Some considerations that might help you decide:
In a typical pier application, deflection is independent of weight. Deflection is the same whether the load is 30# or 300#.
High performance piers are necessarily heavy. No economical way around that. But, there are ways to safely handle a heavy pier without equipment - even with only one person. You only have to move one end at a time.
Clay + water = movement. It's nice to get below the most active surface soils but it's no crisis. It just means you may be touching up PA every now and then.
Multi-section piers can be fine if you use enough bolts in the connection so that the pieces can be considered bonded and therefore a single unit after assembly. The down side is cost. Each section cost about the same as a whole pier due to fabrication of additional plates.
Multi-piece piers can be fine but there is little weight savings for the same performance and the cost is very much higher. Connection design is different, as well as some other things, but it can certainly be done.
The ATS tripod has a small foot radius so instead of 3 independent footings, you could enlarge the pier cap a bit and catch all 3 legs on one foundation.
Tripods are an excellent structural shape but we introduce problems when we make them portable. Stiffness is sacrificed for lighter weight (aluminum is 3x more flexible than steel) and in all the hinges and connections for folding can be sources of arcsec deflection.

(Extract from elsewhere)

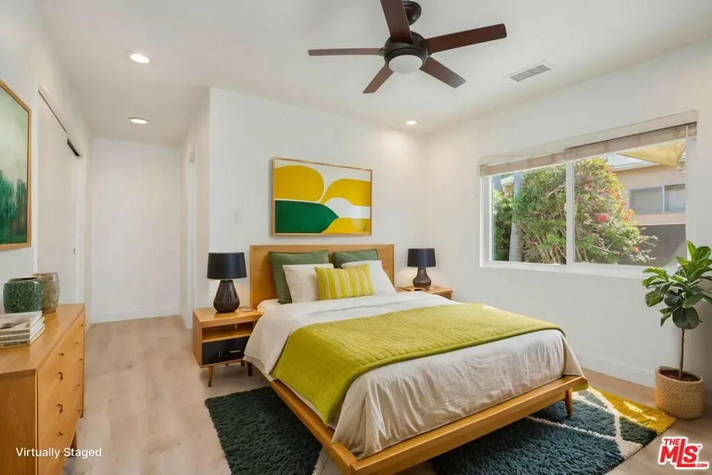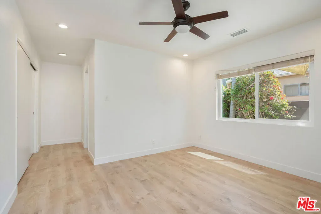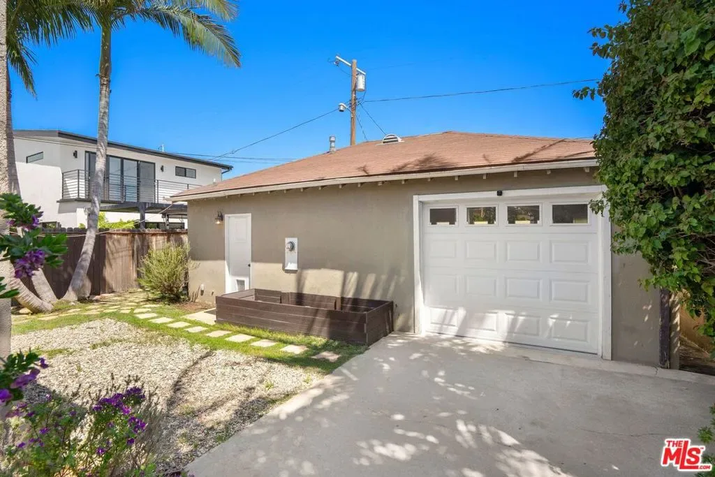 Tucked away on a quiet, tree-lined street just two miles from the beach, this updated Spanish-style bungalow offers the best of Westside living. With modern upgrades throughout and classic curb appeal, including mature palms and a tiled front porch, this 3-bedroom, 2-bathroom home is both stylish and functional. Step inside to find an open, airy layout with new flooring, dual-pane windows, and recessed lighting. The living area flows into a spacious galley kitchen with rich wood cabinetry, stainless steel appliances, and a sunny view of the side patio, perfect for al fresco dining or a private morning coffee. The primary suite features an en suite bathroom with dual sinks, while a bonus room off one of the bedrooms offers ideal space for an office, nursery, or playroom. At the rear of the property, a rare detached 3-car garage has been finished to include a dedicated laundry room, workshop, and lounge-ready flex space accessible via both the driveway and alley with automatic garage doors. The enclosed yard offers additional privacy, shade, and low-maintenance landscaping. Located within the Walgrove Elementary, Mark Twain Middle, and Venice High school boundaries, this home combines everyday comfort with unbeatable convenience.

Another option is to use the tripod since you already have it and see if it meets your needs. Tighten all the joints or put them in a bind so that it is no longer collapsible to try to take out any wiggle. If that works for you, you can attach the legs to the foundation with some clip angles.
No need to be concerned about resonance. Everything vibrates. Even the back of your eye has a resonant frequency. A telescope pier has not one but several modal frequencies. Fundamental frequency corresponding to first modal shape is called natural frequency of the system. Increasing stiffness increases the natural frequency. Increasing the mass decreases the natural frequency. An increase in the damping diminishes the peak response but broadens the response range. What does this mean to a properly designed telescope pier? Absolutely Nothing! Since the magnitude of the vibration is less than the deflection, less than the camera can detect, it doesn’t matter if it’s vibrating at 40 Hz, 400 Hz, or 4,000 Hz.